In response to the announcement that the Washington Post plans to sell Newsweek, Seth Godin — one of the most widely-linked and retweeted marketing bloggers — fired off a post yesterday morning in which he lectures his readers as to where the future of profitable publishing is headed. After quickly dismissing the idea of monetizing blogging as “awfully difficult to do,” he identifies where the money truly is: micro-magazines. “There’s room in the market for 100,000 profitable micro-magazines,” he states matter-of-factly. ” … Don’t expect overnight successes in this form of media, but certainly expect that once someone figures out how to be the voice of a tribe, the revenue will take care of itself.”

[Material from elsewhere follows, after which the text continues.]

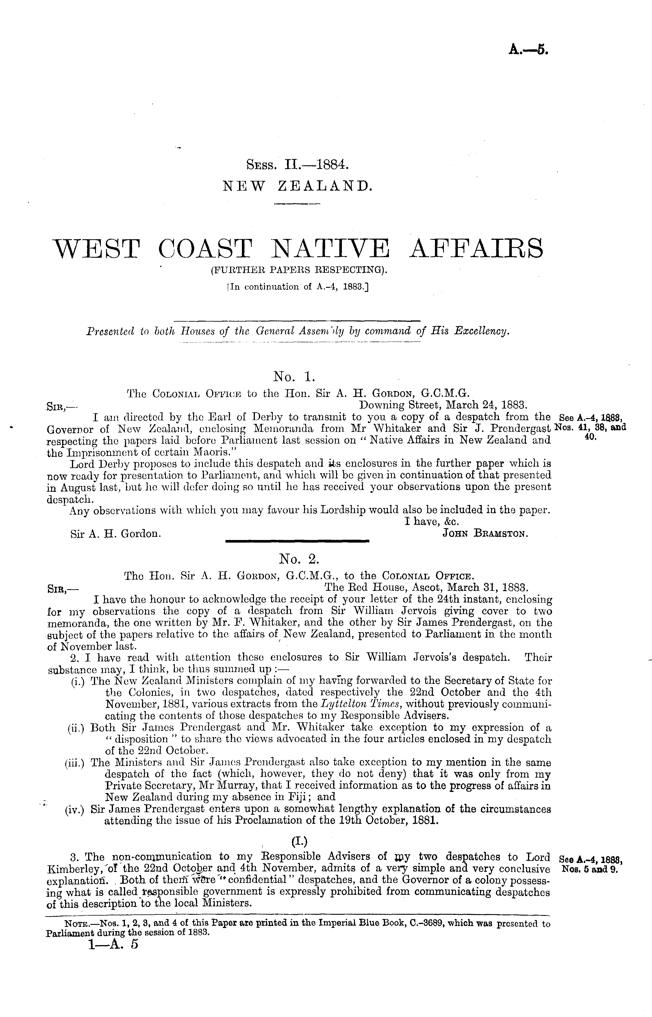 No. 2. Tho Hon. Sir A. H. Gokdon, G.C.M.G., to the Colonial Office. Sir, — The Eed House, Ascot, March 31, 1883. I have the honour to acknowledge the receipt of your letter of the 24th instant, enclosing for my observations the copy of a despatch from Sir William Jervois giving cover to two memoranda, the one written by Mr. F. Whitaker, and the other by Sir James Prendorgast, on the subject of the papers relative to the affairs of New Zealand, presented to Parliament in the month of November last. 2. I have read with attention those enclosures to Sir William Jervois's despatch. Their substance may, I think, be thus summed up : — (i.) The New Zealand Ministers complain of my having forwarded to tho Secretary of State for the Colonies, in two despatches, dated respectively the 22nd October and the 4th November, 1881, various extracts from the Lyttelton Times, without previously communicating the contents of those despatches to my Eesponsible Advisers. (ii.) Both Sir James Prendergast and Mr. Whitaker take exception to my expression of a " disposition " to share the views advocated in the four articles enclosed in my despatch of the 22nd October. (iii.) The Ministers and Sir James Prendergast also take exception to my mention in the same despatch of the fact (which, however, they do not deny) that it was only from my Private Secretary, Mr Murray, that I received information as to the progress of affairs in New Zealand during my absence in Fiji; and (iv.) Sir James Prendergast enters upon a somewhat lengthy explanation of the circumstances attending the issue of his Proclamation of the 19th October, 1881. 3. The non-conynunication to my Eesponsible Advisers of my two despatches to Lord Kimberley, of the 22nd October and 4th November, admits of a very simple and very conclusive explanation. Both of them w&re "confidential" despatches, and the Governor of a colony possessing what is called responsible government is expressly prohibited from communicating despatches of this description to the local Ministers.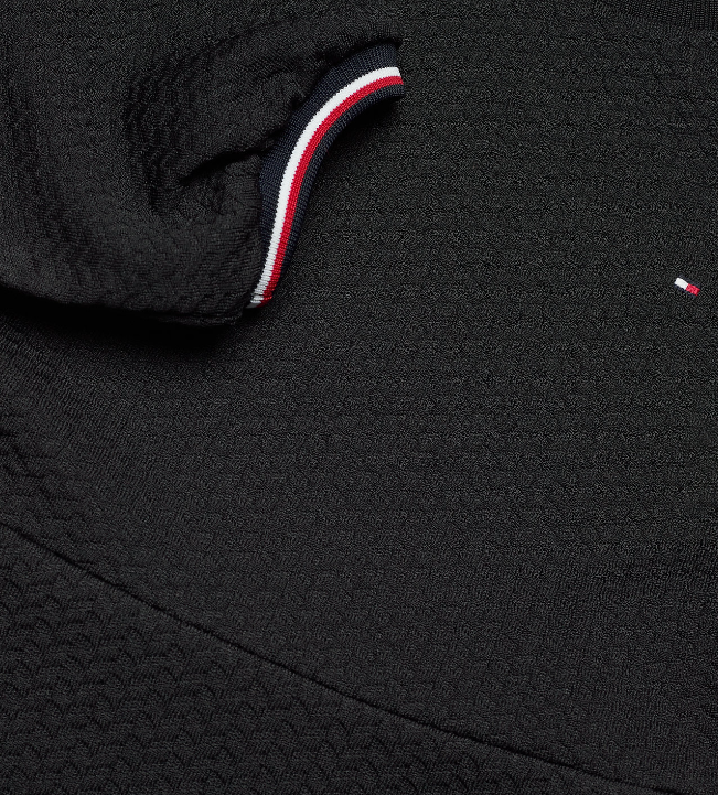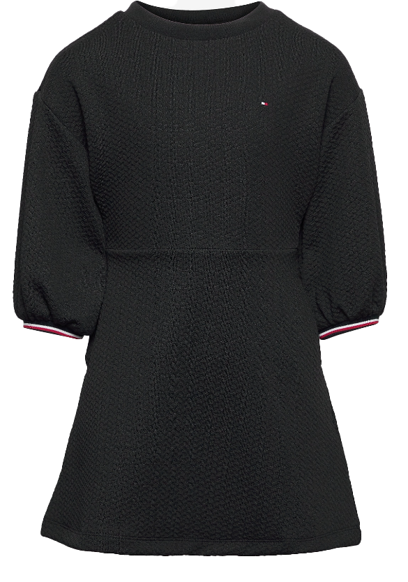 Czarna sukienka z teksturowanej tkaniny ze swobodnymi rękawami wykończonymi ściągaczem w kolorach firmowych marki Tommy Hilfiger.

But before media executives begin throwing their money into “micro magazines” (a quick Google search indicates that Godin seemingly made the term up), they should consider the fact that the blogger doesn’t back up this assertion with any hard data. No focus groups indicating a strong interest in this medium. No charts detailing a steep rise in subscriptions. No statistical comparisons between micro-magazines and regular (macro?) magazines. The post seems to consist solely of his gut reaction to the Newsweek announcement. The only “evidence” he offers is the anecdote of a single magazine, which he predicts will reach “100,000 people with 2 employees.” In fact, many blog posts of Godin’s follow this trend. They offer interesting ideas that may make you think about an issue in a different way, but if you pressed someone to name a directly-applicable idea in the post you’d come up empty handed.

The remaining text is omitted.